Nous sommes encore dans une époque que dénonçait Roubaud en 1978 : la plupart des gens qui lisent de la poésie sont indifférents à la question du vers. Ils commenteront de la même façon un poème des Fleurs du Mal et un poème en prose des Flaques de verre, ou plus significativement encore, indifférents à l'idée de mesure du vers ils analyseront le rythme d'un poème de Verlaine ou Hugo comme on étudie le rythme du dernier Prix Goncourt. Roubaud dénonce cette étrangeté au début de son livre La Vieillesse d'Alexandre et parle de "surdité métrique".
Puis, si je parle d'évoquer aussi les travaux de Meschonnic, c'est que nous retrouvons dans Roubaud ces débats alors très prégnants faisant contraster les notions de vers et de poésie.
Les gens admirent la poésie en vers de Victor Hugo, de Charles Baudelaire, d'Arthur Rimbaud et de bien d'autres, mais écrire en vers comme eux l'ont fait est devenu un anachronisme, tandis que commenter une césure, une tournure des hémistiches, indispose (et non pas "insupporte") l'écrasante majorité du public, et du public universitaire ou littéraire même.
Or, le nœud que je veux affronter est le suivant : Rimbaud pratiquait la césure forcée dans les poèmes de 1872 qu'on a dits sans césures pendant tant de décennies. Même à l'école de Cornulier, il n'a jamais été dit que "Tête de faune" avait une seule césure et que les poèmes "Mémoire", "Qu'est-ce...", "Jeune ménage", "Juillet", "Conclusion" (de "Comédie de la soif"), "Tête de faune" avaient chacun une césure fixe. Toutefois, on le voit, dans le Dictionnaire Rimbaud de 2021, Cornulier commence à envisager cette thèse qui est en fait la mienne et depuis quelque temps. Or, je prétends également que certains indices invitent à penser que "Larme", "La Rivière de Cassis", "Michel et Christine" et "Est-elle almée ?..." offrent des vers de onze syllabes qui ont eux aussi une césure fixe, et elle serait après la quatrième syllabe.

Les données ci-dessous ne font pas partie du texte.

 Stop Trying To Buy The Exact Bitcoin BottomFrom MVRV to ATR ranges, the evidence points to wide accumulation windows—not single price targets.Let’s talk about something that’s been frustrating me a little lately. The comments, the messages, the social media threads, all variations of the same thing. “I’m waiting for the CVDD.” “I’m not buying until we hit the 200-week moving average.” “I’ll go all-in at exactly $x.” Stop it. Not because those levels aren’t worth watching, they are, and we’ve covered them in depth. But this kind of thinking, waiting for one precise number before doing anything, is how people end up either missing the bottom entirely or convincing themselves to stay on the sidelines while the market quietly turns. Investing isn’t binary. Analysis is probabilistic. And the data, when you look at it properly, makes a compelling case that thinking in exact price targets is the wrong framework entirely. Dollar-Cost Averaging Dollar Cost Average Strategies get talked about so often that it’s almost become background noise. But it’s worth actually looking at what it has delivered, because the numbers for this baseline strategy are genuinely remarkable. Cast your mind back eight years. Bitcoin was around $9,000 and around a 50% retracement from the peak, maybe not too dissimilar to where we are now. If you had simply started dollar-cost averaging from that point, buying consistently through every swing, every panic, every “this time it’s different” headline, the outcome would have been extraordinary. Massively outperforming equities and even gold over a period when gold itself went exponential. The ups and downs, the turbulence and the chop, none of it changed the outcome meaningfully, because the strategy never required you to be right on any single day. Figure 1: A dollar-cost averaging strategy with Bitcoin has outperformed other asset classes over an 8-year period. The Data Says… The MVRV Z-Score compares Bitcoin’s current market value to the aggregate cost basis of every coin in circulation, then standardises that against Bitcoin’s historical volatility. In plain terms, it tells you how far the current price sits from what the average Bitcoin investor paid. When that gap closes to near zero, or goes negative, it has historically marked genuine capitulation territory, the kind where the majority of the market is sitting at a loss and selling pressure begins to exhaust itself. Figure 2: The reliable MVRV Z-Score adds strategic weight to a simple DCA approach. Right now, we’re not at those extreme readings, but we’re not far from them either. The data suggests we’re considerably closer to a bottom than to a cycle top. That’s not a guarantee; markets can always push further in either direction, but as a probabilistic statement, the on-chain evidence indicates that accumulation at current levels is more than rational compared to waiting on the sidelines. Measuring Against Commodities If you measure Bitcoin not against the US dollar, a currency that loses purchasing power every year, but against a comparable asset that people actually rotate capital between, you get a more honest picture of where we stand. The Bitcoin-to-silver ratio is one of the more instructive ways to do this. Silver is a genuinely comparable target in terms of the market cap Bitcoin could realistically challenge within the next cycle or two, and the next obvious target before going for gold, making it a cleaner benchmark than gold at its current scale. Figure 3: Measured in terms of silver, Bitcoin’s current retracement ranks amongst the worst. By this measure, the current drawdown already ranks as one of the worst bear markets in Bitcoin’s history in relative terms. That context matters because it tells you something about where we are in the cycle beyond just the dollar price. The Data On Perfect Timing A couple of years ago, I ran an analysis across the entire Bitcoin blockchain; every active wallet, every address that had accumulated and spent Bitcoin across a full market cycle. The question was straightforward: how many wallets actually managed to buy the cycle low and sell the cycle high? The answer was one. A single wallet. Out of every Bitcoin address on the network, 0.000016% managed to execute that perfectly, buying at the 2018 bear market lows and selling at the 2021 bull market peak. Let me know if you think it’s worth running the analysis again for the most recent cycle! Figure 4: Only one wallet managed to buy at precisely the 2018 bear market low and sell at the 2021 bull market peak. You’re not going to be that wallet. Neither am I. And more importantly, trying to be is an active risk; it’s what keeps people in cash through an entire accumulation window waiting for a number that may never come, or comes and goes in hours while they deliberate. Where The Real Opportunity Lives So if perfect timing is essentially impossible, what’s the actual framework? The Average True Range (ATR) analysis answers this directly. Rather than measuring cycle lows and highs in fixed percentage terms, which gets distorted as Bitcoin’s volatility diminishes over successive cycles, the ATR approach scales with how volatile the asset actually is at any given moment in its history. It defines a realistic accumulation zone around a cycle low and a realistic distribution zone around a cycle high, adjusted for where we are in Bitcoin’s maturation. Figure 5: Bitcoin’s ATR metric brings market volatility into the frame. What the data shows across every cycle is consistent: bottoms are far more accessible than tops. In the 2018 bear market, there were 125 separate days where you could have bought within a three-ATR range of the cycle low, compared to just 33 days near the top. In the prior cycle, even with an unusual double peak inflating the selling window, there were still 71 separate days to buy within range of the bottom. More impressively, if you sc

Mais mon raisonnement n'est pas limpide à tout un chacun, et il va falloir que je trouve des moyens efficaces de les y amener, tout en sachant qu'ils ne m'écoutent pas plus de deux phrases.

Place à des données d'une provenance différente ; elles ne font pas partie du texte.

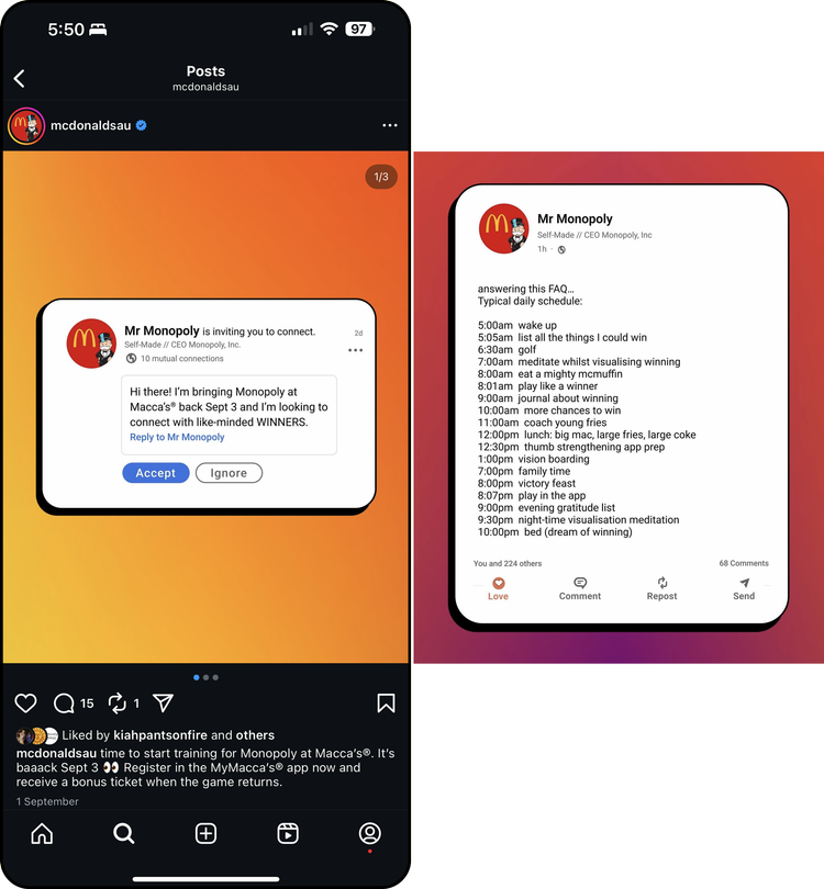 In September of 2024 Wieden + Kennedy asked if we (me and Chris) would help out on a pitch for 20% of the Aussie Macca’s business. We won it in January and they asked if we’d join full time and run the account and some other accounts too. By September of 2025 we had all the above the line work. Here’s a long scrolling page featuring some of what we’ve made…

J'ai de sacrées mises au point à faire. Mais il faut bien comprendre que si la métrique n'a aucune importance dans "Larme" pourquoi alors ne pas écrire directement un poème en prose ? Quelle sera la différence de nature entre la versification de "Larme" et un poème en prose, s'il n'y a rien d'autre à dire sur la versification que ses règles ne sont pas respectées. Ne pas respecter les règles de versification n'est pas une prouesse en soi.
Il y a d'autres zones du débat qui m'intéressent comme la question des quantités syllabiques dans les poèmes en prose de Rimbaud ou dans "Mouvement". Meschonnic, avec à sa suite Dessons, a donné un modèle d'analyse rythmique, exploité notamment par Claisse, mais ce modèle fait fi de l'histoire du vers et ne s'interroge pas sur l'hypothèse d'un Rimbaud qui donnerait à sa prose quelque chose de sa réflexion sur les quantités syllabiques dans le vers. Puis, le modèle fonctionne-t-il vraiment, n'aboutit-il pas parfois à des vérités de La Palice ? Le modèle meschonnicien est-il stable ou est-il destiné à se diluer dans la diversité des approches qui y recourront ? Je n'irai sans doute pas moi-même très loin dans la réflexion sur le modèle meschonnicien, je n'en fais plus un projet important dans ma vie, j'ai dû faire des choix, mais je sais que je suis à la croisée de réflexions essentielles sur l'étude de ce qui fait la spécificité du souffle poétique. Je vais en profiter un peu cet été, malgré les maux de tête qui ne me quittent pas.